Work instruction> Retype, word for word, the lines from the first line of the entries through the line that holds "Hersteller: Tamaris Hersteller"; leave out the pictures.
Segment Start: Material supplied
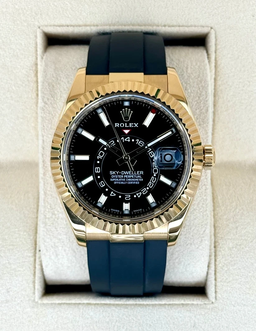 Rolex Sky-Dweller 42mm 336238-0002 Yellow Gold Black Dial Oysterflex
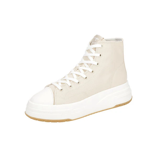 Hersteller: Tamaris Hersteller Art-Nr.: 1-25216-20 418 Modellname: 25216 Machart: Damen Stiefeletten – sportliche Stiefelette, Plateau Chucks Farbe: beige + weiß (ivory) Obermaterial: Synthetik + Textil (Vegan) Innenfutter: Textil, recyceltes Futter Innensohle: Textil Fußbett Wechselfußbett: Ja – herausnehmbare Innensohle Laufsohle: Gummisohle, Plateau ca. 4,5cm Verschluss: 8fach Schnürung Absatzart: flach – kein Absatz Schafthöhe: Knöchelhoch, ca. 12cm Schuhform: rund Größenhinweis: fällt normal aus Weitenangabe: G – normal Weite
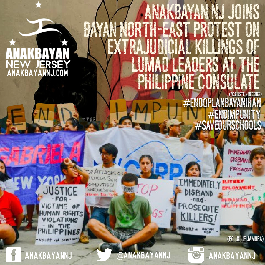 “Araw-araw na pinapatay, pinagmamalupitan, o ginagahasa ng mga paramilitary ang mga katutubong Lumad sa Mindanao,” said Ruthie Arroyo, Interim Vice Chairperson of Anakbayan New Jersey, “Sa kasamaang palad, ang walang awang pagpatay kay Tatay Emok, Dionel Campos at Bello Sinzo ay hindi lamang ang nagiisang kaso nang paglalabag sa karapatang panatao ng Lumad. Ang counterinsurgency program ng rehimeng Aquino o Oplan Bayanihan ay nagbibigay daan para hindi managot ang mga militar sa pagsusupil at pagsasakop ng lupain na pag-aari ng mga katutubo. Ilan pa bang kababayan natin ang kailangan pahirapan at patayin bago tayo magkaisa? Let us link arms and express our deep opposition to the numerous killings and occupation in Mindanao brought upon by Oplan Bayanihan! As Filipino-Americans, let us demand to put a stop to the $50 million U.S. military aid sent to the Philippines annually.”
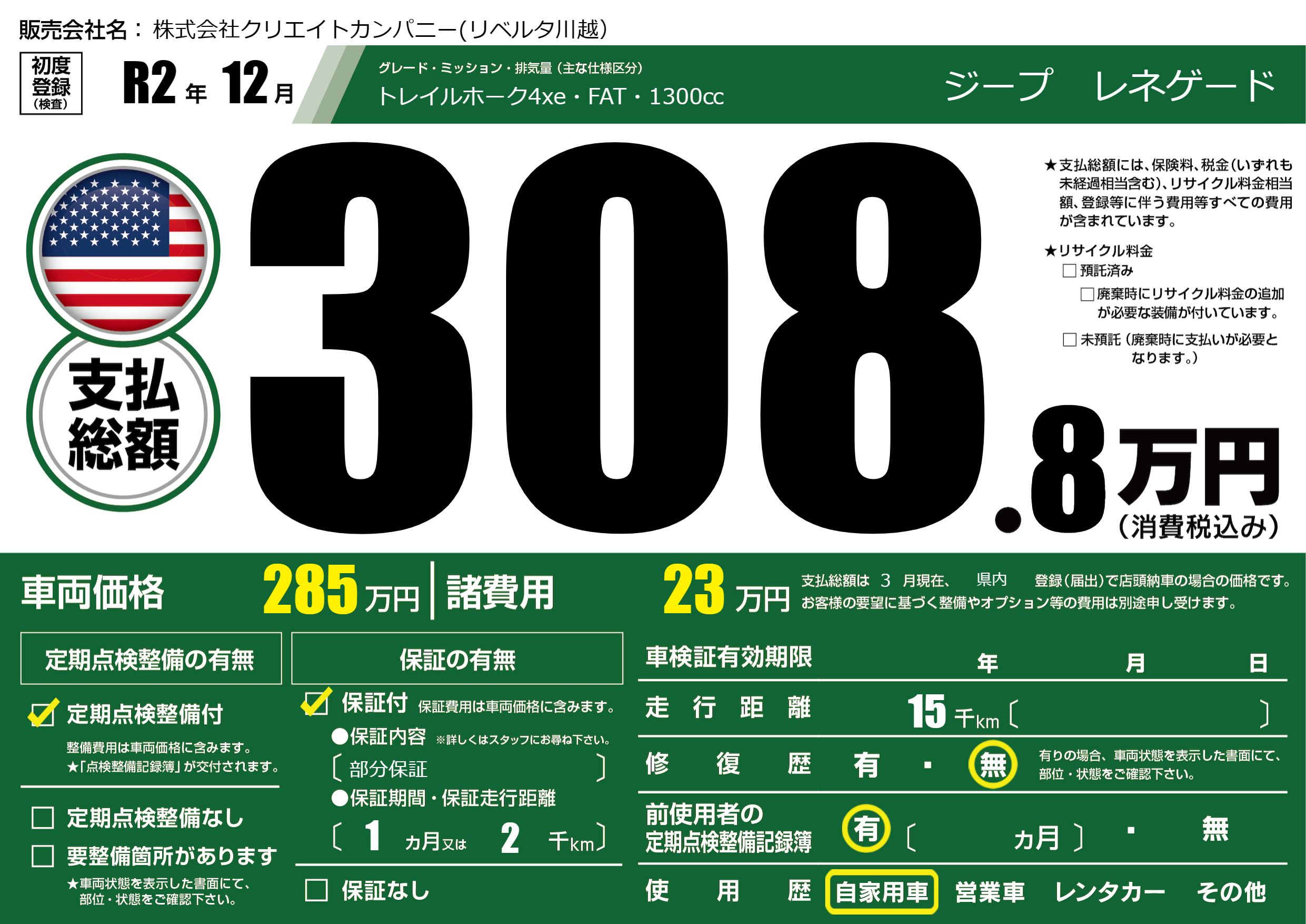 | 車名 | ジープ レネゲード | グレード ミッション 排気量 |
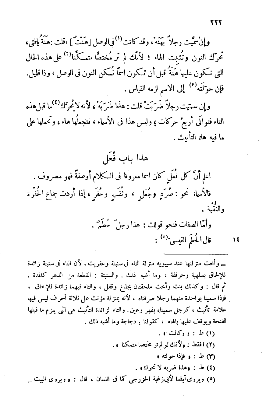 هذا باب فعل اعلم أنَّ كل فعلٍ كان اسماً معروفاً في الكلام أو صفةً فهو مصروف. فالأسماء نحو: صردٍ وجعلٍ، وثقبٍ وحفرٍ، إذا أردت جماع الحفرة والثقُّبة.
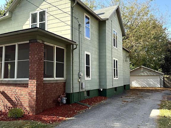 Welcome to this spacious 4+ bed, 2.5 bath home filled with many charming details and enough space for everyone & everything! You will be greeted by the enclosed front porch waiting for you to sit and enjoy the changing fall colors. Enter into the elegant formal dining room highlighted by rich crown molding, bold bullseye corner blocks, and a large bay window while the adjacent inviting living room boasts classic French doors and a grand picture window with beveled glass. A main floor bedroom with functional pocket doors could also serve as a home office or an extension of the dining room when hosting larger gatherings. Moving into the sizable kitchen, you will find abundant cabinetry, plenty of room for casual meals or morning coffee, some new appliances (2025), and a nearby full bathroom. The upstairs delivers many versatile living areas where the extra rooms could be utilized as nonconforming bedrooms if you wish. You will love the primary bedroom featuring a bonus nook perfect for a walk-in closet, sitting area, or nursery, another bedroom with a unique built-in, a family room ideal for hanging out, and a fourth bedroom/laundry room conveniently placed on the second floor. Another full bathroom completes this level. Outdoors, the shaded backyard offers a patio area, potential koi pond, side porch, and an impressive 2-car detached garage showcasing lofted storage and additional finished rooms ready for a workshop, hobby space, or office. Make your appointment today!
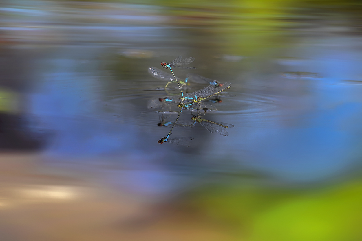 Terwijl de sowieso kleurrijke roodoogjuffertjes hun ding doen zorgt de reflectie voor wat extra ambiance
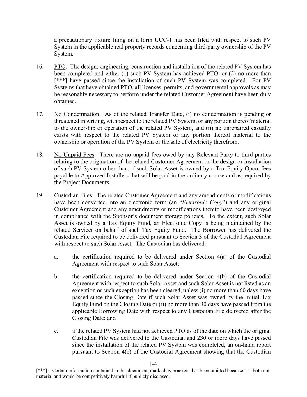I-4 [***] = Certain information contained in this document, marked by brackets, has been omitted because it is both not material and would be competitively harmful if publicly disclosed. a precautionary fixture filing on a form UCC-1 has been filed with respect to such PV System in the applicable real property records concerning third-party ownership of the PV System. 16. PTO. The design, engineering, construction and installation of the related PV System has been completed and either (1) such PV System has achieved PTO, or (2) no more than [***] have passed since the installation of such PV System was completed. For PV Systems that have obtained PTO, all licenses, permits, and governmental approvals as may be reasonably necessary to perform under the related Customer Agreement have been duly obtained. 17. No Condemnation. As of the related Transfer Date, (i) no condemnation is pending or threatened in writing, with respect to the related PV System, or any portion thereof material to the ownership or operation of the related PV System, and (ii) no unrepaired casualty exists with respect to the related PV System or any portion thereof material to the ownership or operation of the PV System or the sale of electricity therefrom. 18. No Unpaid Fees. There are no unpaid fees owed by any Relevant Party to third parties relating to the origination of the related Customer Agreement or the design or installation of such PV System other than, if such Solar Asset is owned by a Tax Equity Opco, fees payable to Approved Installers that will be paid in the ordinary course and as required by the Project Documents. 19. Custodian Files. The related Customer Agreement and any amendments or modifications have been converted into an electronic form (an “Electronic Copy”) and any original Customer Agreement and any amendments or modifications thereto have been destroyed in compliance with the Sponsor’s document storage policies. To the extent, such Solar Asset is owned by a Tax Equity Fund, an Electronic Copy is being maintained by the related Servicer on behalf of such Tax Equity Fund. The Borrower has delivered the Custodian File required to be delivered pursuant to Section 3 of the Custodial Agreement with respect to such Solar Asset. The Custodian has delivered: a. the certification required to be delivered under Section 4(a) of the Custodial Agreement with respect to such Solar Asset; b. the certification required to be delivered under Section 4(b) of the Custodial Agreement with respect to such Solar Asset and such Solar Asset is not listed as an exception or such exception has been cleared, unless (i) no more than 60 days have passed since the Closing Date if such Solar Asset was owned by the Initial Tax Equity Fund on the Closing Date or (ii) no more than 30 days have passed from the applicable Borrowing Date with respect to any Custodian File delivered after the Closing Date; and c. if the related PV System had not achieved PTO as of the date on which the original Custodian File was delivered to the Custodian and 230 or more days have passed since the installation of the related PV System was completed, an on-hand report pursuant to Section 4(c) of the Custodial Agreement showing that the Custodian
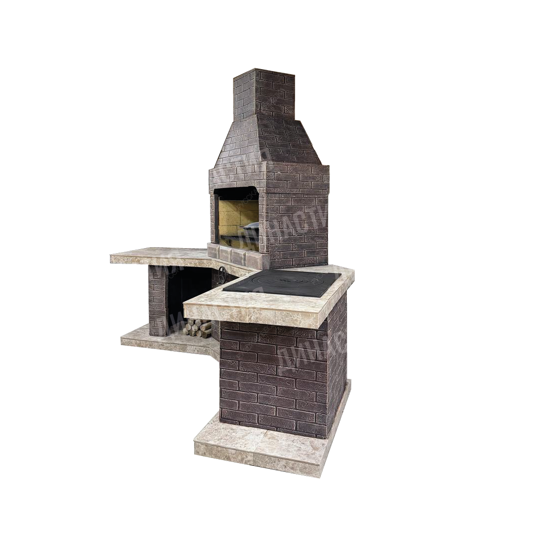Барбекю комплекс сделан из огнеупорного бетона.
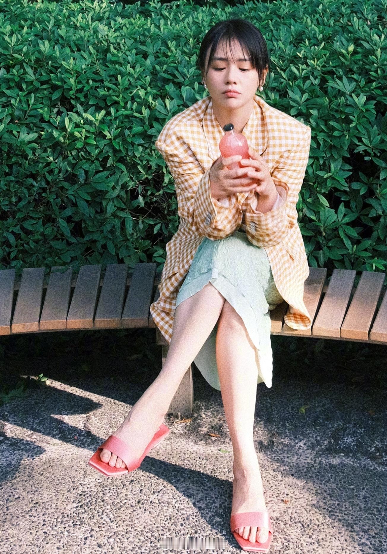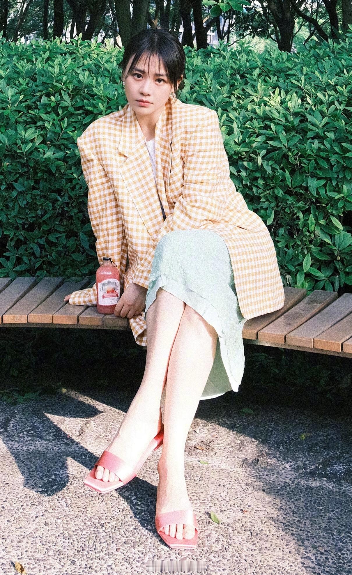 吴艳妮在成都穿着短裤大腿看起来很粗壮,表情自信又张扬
Segment End: Material supplied
Written solution>
 Rolex Sky-Dweller 42mm 336238-0002 Yellow Gold Black Dial Oysterflex
 Hersteller: Tamaris Hersteller Art-Nr.: 1-25216-20 418 Modellname: 25216 Machart: Damen Stiefeletten – sportliche Stiefelette, Plateau Chucks Farbe: beige + weiß (ivory) Obermaterial: Synthetik + Textil (Vegan) Innenfutter: Textil, recyceltes Futter Innensohle: Textil Fußbett Wechselfußbett: Ja – herausnehmbare Innensohle Laufsohle: Gummisohle, Plateau ca. 4,5cm Verschluss: 8fach Schnürung Absatzart: flach – kein Absatz Schafthöhe: Knöchelhoch, ca. 12cm Schuhform: rund Größenhinweis: fällt normal aus Weitenangabe: G – normal Weite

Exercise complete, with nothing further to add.